[Start of section]

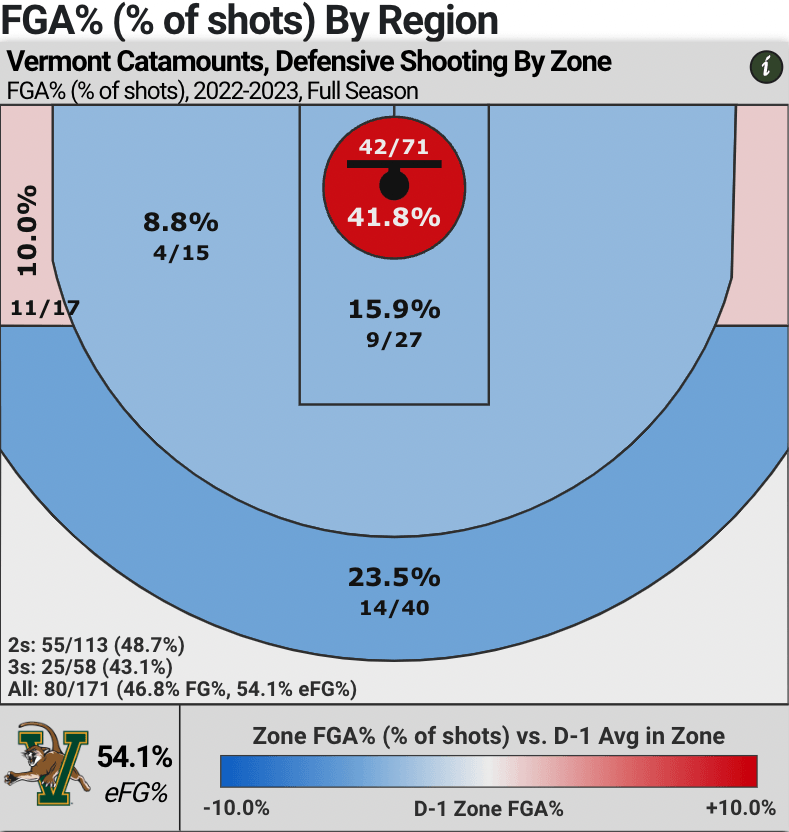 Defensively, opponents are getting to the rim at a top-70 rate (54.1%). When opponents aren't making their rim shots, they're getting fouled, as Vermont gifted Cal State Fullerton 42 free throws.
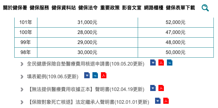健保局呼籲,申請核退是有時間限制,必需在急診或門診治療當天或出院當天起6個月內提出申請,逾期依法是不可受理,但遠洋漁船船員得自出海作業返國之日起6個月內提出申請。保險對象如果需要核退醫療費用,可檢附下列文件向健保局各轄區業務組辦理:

[End of section]
[Start of section]

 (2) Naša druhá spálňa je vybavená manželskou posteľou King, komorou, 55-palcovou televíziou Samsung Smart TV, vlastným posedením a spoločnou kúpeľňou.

[End of section]

• What to work on: Give again, exactly as written above, every line from the one holding "Defensively, opponents are" to the one holding "健保局呼籲,申請核退是有時間", with both ends kept and the pictures left out.

• Output of the exercise:
 Defensively, opponents are getting to the rim at a top-70 rate (54.1%). When opponents aren't making their rim shots, they're getting fouled, as Vermont gifted Cal State Fullerton 42 free throws.
健保局呼籲,申請核退是有時間限制,必需在急診或門診治療當天或出院當天起6個月內提出申請,逾期依法是不可受理,但遠洋漁船船員得自出海作業返國之日起6個月內提出申請。保險對象如果需要核退醫療費用,可檢附下列文件向健保局各轄區業務組辦理:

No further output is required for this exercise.